If you have a question you’d like us to answer in a future installment of Dear RentConfident, leave it in a comment below, or send us a message through our contact form.
Dear RentConfident: I was hoping to get your insight on where the affordable housing is in Chicago. I searched your site and didn't find a specific blog article about this so I thought I'd reach out about the City's Affordable Requirements Ordinance. Based on my understanding of the ordinance, developments that receive city financial assistance or involve city-owned land must provide 10 percent of their units (if the building is more than 10 units) at affordable prices. The problem I'm having is that the City's Affordable Rental Housing Resource List doesn't seem right. For instance, it only lists one development in the loop, but it seems to me that new apartment buildings are popping up in the loop every week. I'm interested in finding out how low-income individuals can find these building online.
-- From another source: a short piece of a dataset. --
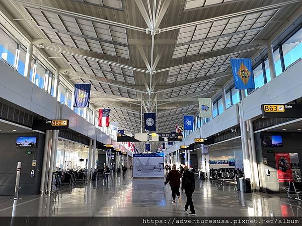 進到入境大廳。阿甘是來搭飛機的, 不是坐捷運好玩而已。

I have two brothers who work full-time but are still considered working poor. They make about $27K and $31K respectively and have not been able to find an affordable apartment in Chicago. The issue they keep running into is the property manager saying that don't make enough money annually. One of my brothers went to [address redacted], which is on the City' ARO list, as well to several landlord owned properties on the south side but was told just that. Another brother went to [address redacted] but was told the waiting list for affordable apartment was two years. Combining their income is not an option because they've tried living together in the past, and they get along much better when live a part. They both would like to live close to downtown since it's a considered an opportunity area with more access to resources.